INTRODUCTION

Understanding the function of ligand-gated channel proteins on the basis of their conformational changes has attracted much interest in recent years (1). Although the number of sequences of proteins belonging to this family has increased rapidly (2), structures are available for a mere few of them and at limited resolution (3). This is caused on the one hand by the difficulties in overexpressing these proteins, particularly those from eucaryotic sources (4), and on the other by the problems besetting the preparation of three-dimensional crystals of membrane proteins, which of course are prerequisite for the determination of high resolution structures by x-ray analysis. We have therefore chosen the iron(III)-ferrichrome translocating FhuA protein from Escherichia coli outer membranes (5-9) as a model of ligand-gated proteins. Proteins from this source have proven very useful in the determination of structures at atomic resolution (10-13). The molecular genetics of E. coli, moreover, are well suited for the investigation of the structural basis of their functional properties (14-16).

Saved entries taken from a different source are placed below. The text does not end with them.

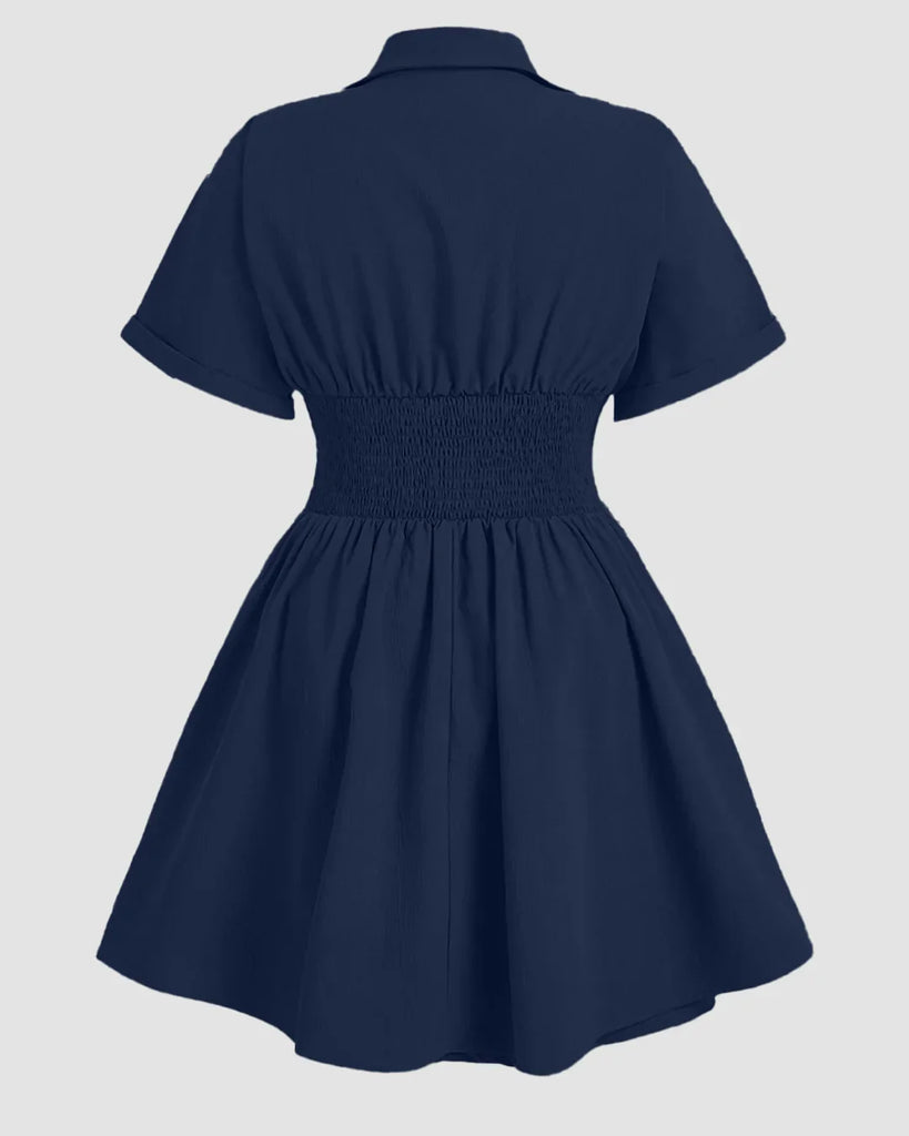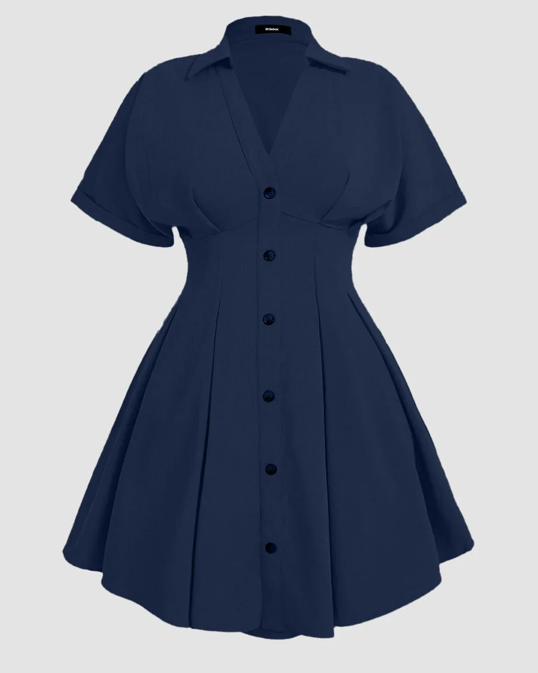Navy Blue Collared Button-Down Pleated A-Line Mini Dress Curve & Plus
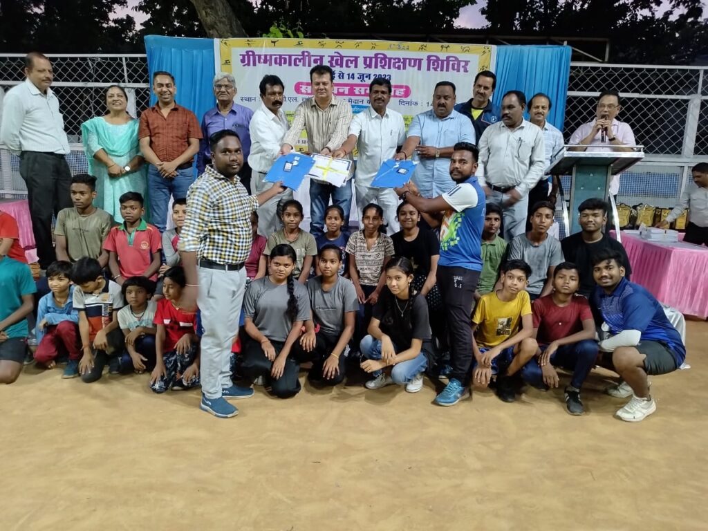 संचालनालय खेल एवम युवा कल्याण रायपुर के मार्गदर्शन तथा जिला प्रशासन कोरबा एवं खेल एवं युवा कल्याण विभाग कोरबा के तत्वाधान में 16 मई से 15 जून तक आयोजित 30 दिवसीय निशुल्क ग्रीष्मकालीन खेल प्रशिक्षण शिविर का समापन समारोह एसईसीएल वॉलीबॉल मैदान में संतोष राठौर पूर्व सभापति नगर पालिक निगम कोरबा, जिला ओलंपिक एसोसिएशन के अध्यक्ष नौशाद खान, सचिव डी सुरेश क्रिस्टोफर, कोषाध्यक्ष सुशील गर्ग, बैडमिंटन संघ के सचिव गोपाल शर्मा, प्रदेश किकबाक्सिंग संघ के कार्यकारी अध्यक्ष तारकेश मिश्रा,जिला क्रीड़ा अधिकारी के आर टंडन ,तैराकी संघ से अशोक सक्सेना एवं अंतर्राष्ट्रीय बैडमिंटन खिलाड़ी मधु पांडेय के आतिथ्य में सम्पन्न हुआ। जिला खेल अधिकारी दीनू पटेल ने बताया कि उक्त प्रशिक्षण शिविर में जिले में 21 खेल विधाओं के लगभग 1800 प्रशिक्षार्थी ने प्रशिक्षण लिया। इस अवसर पर विभिन्न खेलों में राष्ट्रीय स्तर पर पदक प्राप्त खिलाड़ियों को सम्मानित किया गया।
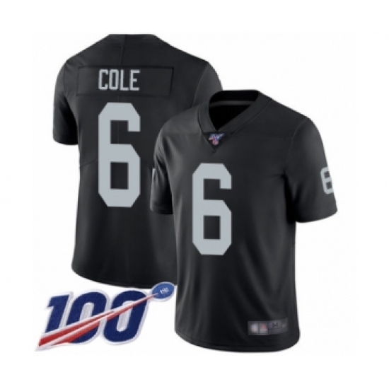 Men's Oakland Raiders #6 A.J. Cole Black Team Color Vapor Untouchable Limited Player 100th Season Football Jersey
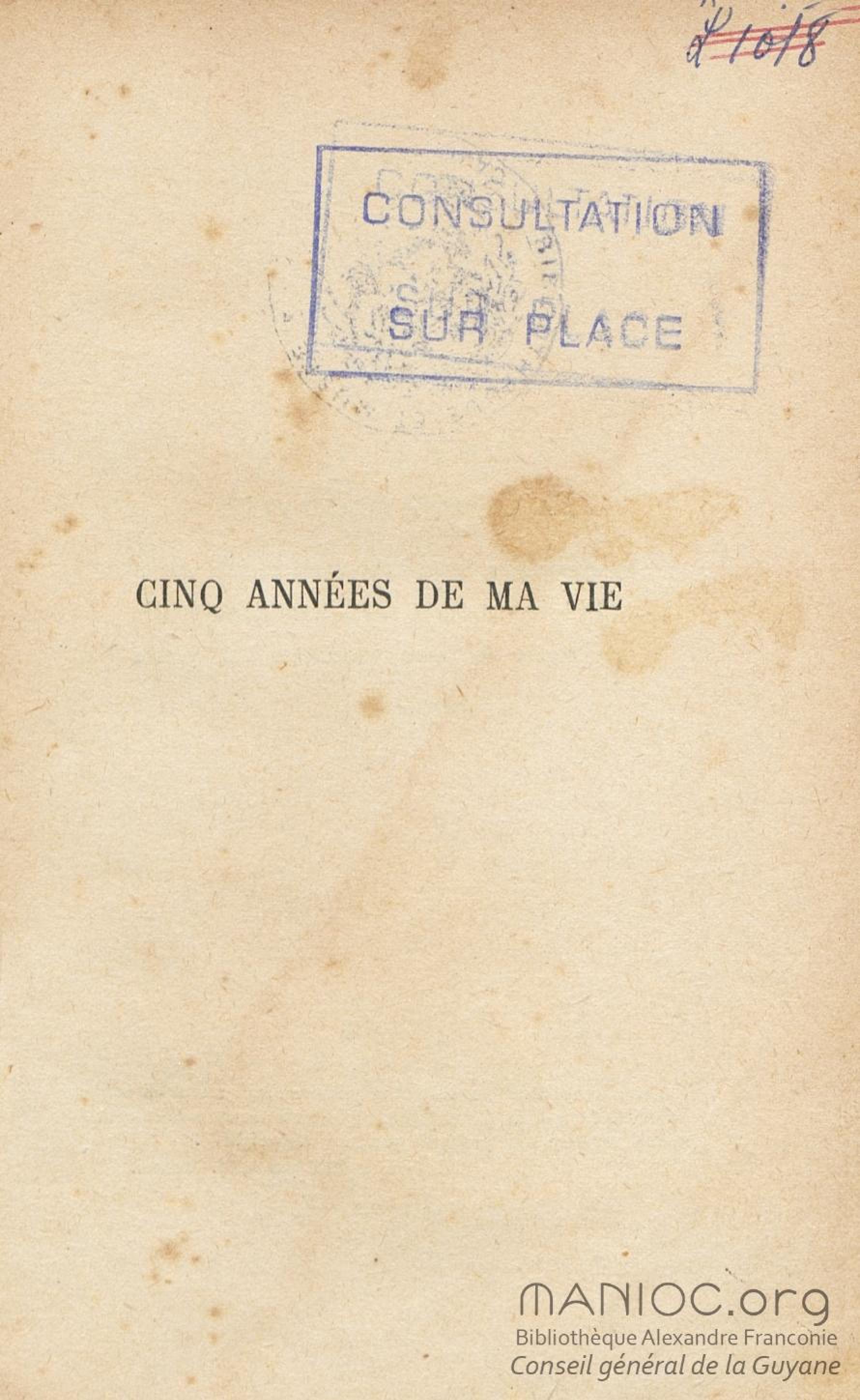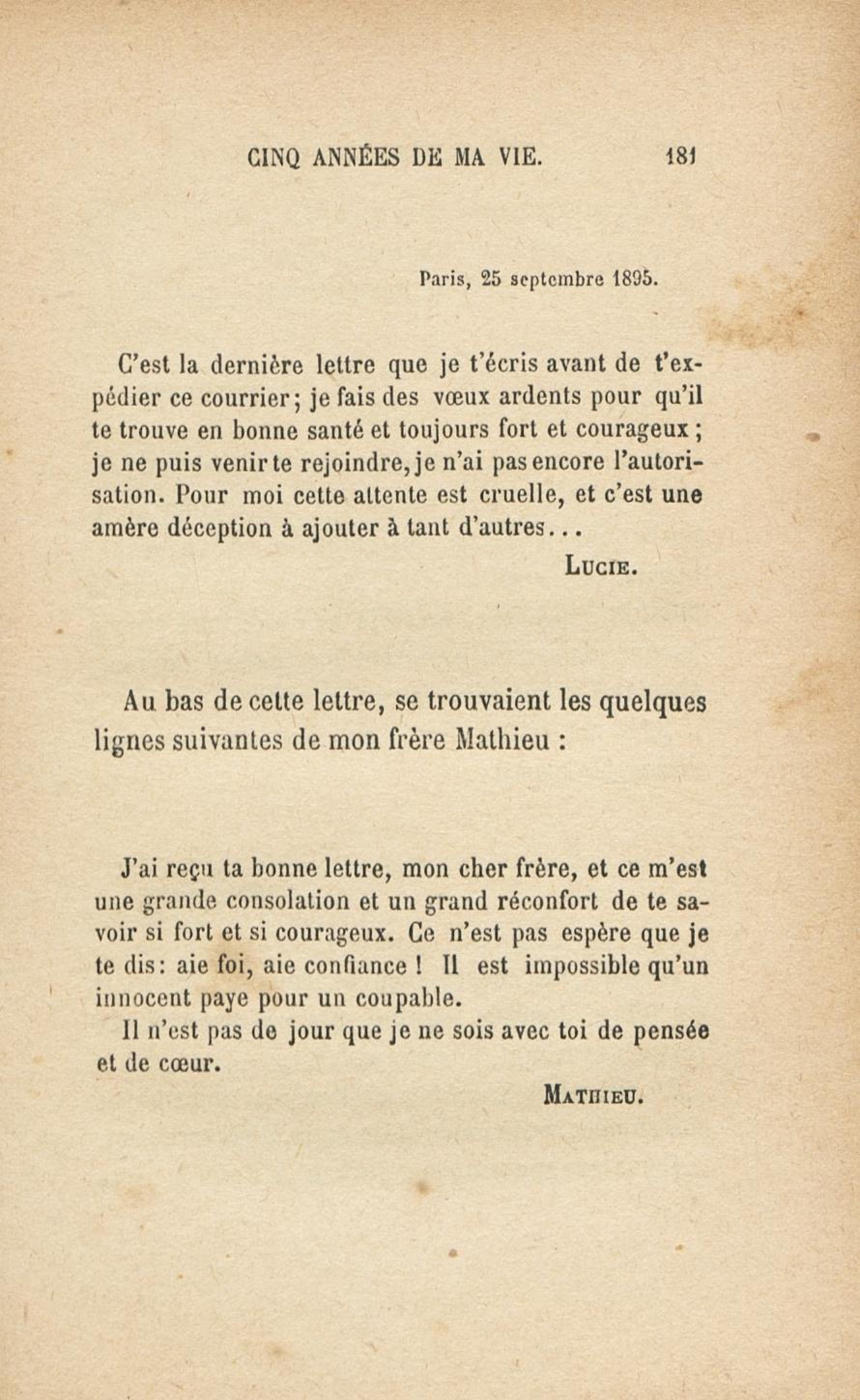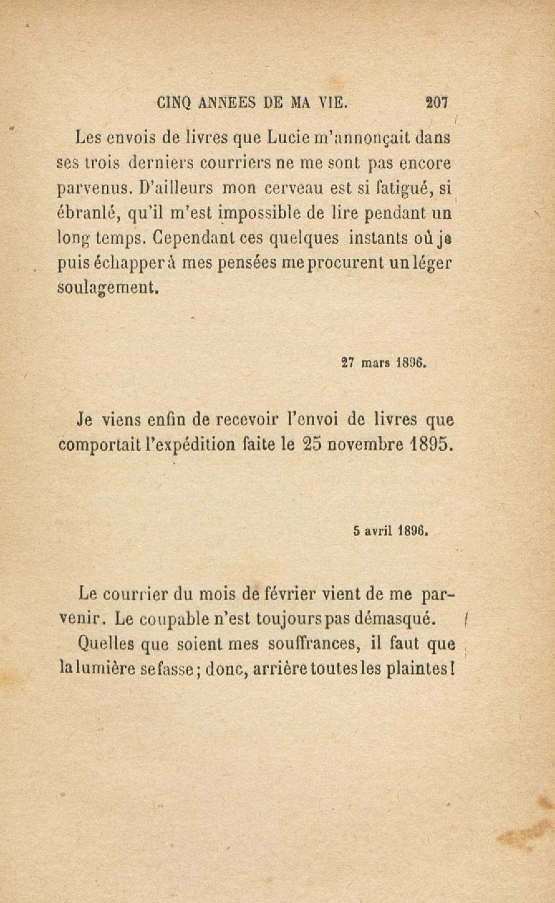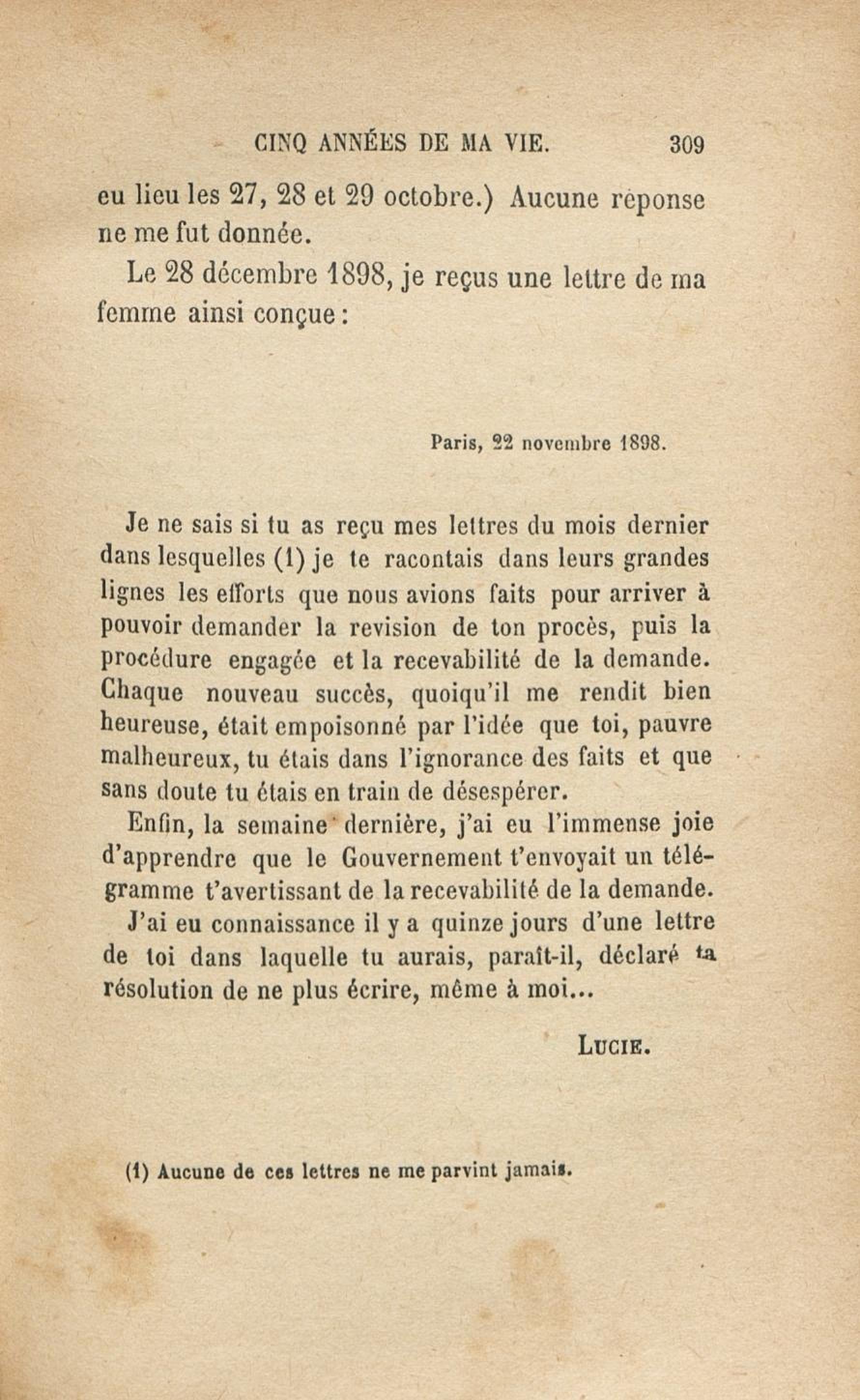 - Cinq années de ma vie : 1894-1899

At limited availability of iron in the medium, its transport into the cytoplasm requires a complex cascade of events (17). First, ferric ions are chelated by one of several siderophores (18). Second, the iron-siderophore complex binds to its specific surface-exposed receptor. Binding is a necessary but not sufficient condition to trigger channel opening in a third step. This process requires energy, which is transduced from the plasma membrane to the channel protein by a protein complex consisting of at least three components, the products of the genes tonB, exbB, and exbD (19, 20). The TonB protein appears to play a key role in this energy transduction by an as yet poorly understood allosteric transition, which results in the interaction of the TonB protein with a specific motif, the so-called TonB box, which is found in several channel proteins (21-23). Fourth, the substrate is scavenged by a ligand-specific binding protein in the periplasmic space (24). In a fifth step, the complex is delivered to a specific, active transport system in the plasma membrane. In the final, sixth step, the oxidized form of iron is reduced in the cytoplasm to the ferrous state (25, 26). The rate-limiting step of this cascade appears to be the energy requirement of the translocation process across the outer membrane. The function of the TonB complex is needed also for infection of the cell with the several viruses and bacterial toxins that use FhuA as a receptor (phages T1, 80, and colicin M), with the only exception being bacteriophage T5. This virus has been shown to trigger channel opening and ion flux through the FhuA protein in the absence of energy transduction (27). It thus circumvents this requirement, whereas the other ligands may serve as controls.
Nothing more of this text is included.